In Dynamic Programming solutions to MDPs, the Bellman equation is used directly as an update mechanism that converges to correct values for $q_{\pi}(s,a)$. For estimating the value of a fixed policy, this works because the only stationary points of these updates are when the two sides are equal, and there is one equation for each $q_{\pi}(s,a)$ relating it linearly to one or more other $q_{\pi}(s',a')$, so it has a computable solution.
When you add the search for an optimal solution, such as in SARSA, then the policy $\pi$ changes. There is a proof that changing the policy to pick the action $\pi'(s) = argmax_a q_{\pi}(s,a)$ will always either improve the policy or be optimal. This is called the Policy Improvement Theorem, and is based on the inequality $v_{\pi}(s) \le q_{\pi}(s,\pi'(s))$ - there is an extension to the theorem that covers $\epsilon$-greedy policies used in learners such as Monte Carlo Control or SARSA.
TD learning, including SARSA and Q-Learning, uses the ideas of Dynamic Programming in a sample-based environment where the equalities are true in expectation. But essentially you can see how the update $q_{\pi}(s,a) = \sum_{s',r}p(s',r|s,a)( r + \gamma \sum_{a'}\pi(a'|s') q_{\pi}(s',a'))$ has turned into SARSA's update:


*

*The weighted sum over state transition and reward probabilities happens in expectation as you take many samples. So $Q(S,A) = \mathbb{E}[ \text{Sampled}(R) + \gamma \sum_{a'}\pi(a'|S') q_{\pi}(S',a')]$ (technically you have to sample R and S' together)

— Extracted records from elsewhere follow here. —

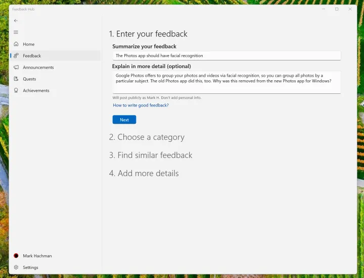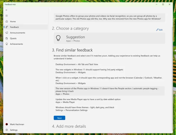 当然,你可能不是第一个有这种特别抱怨或建议的人。然后,微软会指示你“寻找类似的反馈”,这可能会将你的反馈与之并列。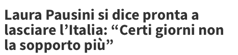 Nei prossimi giorni Laura sarà in Italia per nuove date nei Palasport ma si dice in giro abbia già chiesto dei giorni di stop per impacchettare casa e fuggire nella notte. Ah, io vado con lei!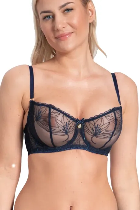 • Obwód biustonosza wykonany jest z tiulu o wysokiej gramaturze. Materiał ten jest bardzo lekki, ale zapewnia stabilność i idealne podtrzymanie piersi. Tiul w motywie florystycznym

*Likewise the weighting of the current policy happens in expectation. So $Q(S,A) = \mathbb{E}[ \text{Sampled}(R + \gamma Q(S',A'))]$

*To change this expectation into an incremental update, allowing for non-stationarity as the policy improves over time, we add a learning rate and move each estimate towards the latest sampled value: $Q(S,A) = Q(S,A) +\alpha[R + \gamma Q(S',A') - Q(S,A)]$
For a more thorough explanation of the building blocks of algorithms like SARSA and Q-Learning, you can read Reinforcement Learning: An Introduction. Or for a more concise and mathematically rigorous approach you can read Algorithms for Reinforcement Learning.